Kalshi Traders: U.S. Inflation May Have Peaked in May
Alina Collins
Kalshi contract pricing shows traders believe U.S. CPI likely peaked in May — only a 28% chance the annual reading tops 4.2% this year. Falling oil prices are the key driver, and the June CPI print will be the decisive test.
Why do traders think inflation has already peaked?
Kalshi contracts put just a 28% probability on this year's CPI peak exceeding 4.2%.
4.2% is the actual May annual inflation rate. This means → traders are betting May was the high-water mark, and readings will only fall from here.

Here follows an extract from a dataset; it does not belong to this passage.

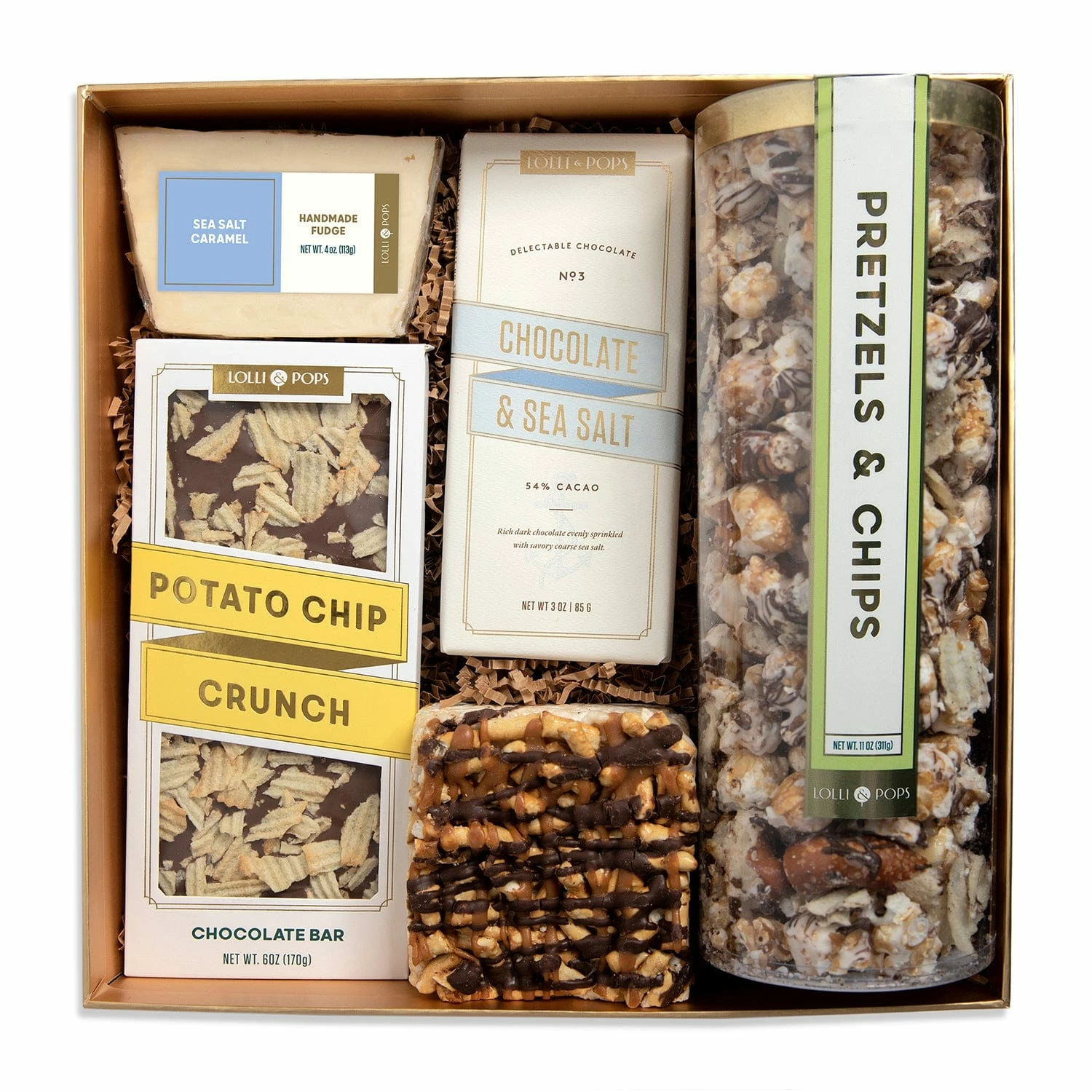 1 x Lolli & Pops Potato Chip Crunch Topp’d Bar (6 oz),1 x Lolli & Pops Sea Salt Caramel Fudge (4 oz),1 x Lolli & Pops Dark Chocolate & Sea Salt Signature Bar (3 oz),1 x Lolli & Pops Pretzels & Chips Popcorn Tube (11 oz),1 x Lolli & Pops Pretzel Surprise Crispy (6 oz)

In plain terms = roughly three-quarters of market money is positioned for inflation to cool.
What drove oil prices down so sharply?
A thaw in U.S.–Iran tensions led to a partial reopening of the Strait of Hormuz, pulling oil and gas prices off their highs.
The U.S. national average gasoline price fell to $3.84 per gallon, down sharply from a peak above $4.50.
U.S. crude dropped below $70 per barrel for the first time since the conflict began — this reflects a rapid unwinding of geopolitical risk premium.
How does falling oil feed into CPI?
Energy accounted for 60% of May's month-over-month CPI increase.
This means → once energy retreats, the headline CPI number gets dragged down directly — no help needed from other components.
Kalshi traders now expect June CPI to fall 0.2% month-over-month, in line with Wall Street consensus.
When will this call be confirmed or disproven?
The Bureau of Labor Statistics (BLS) will release the June CPI report on July 14.
That report will directly confirm or refute the "May was the peak" thesis — if June CPI turns negative month-over-month, the peak argument holds.
In plain terms = July 14 is the verdict day; the market will find out whether the bet was right.
Content is for reference only, not financial advice.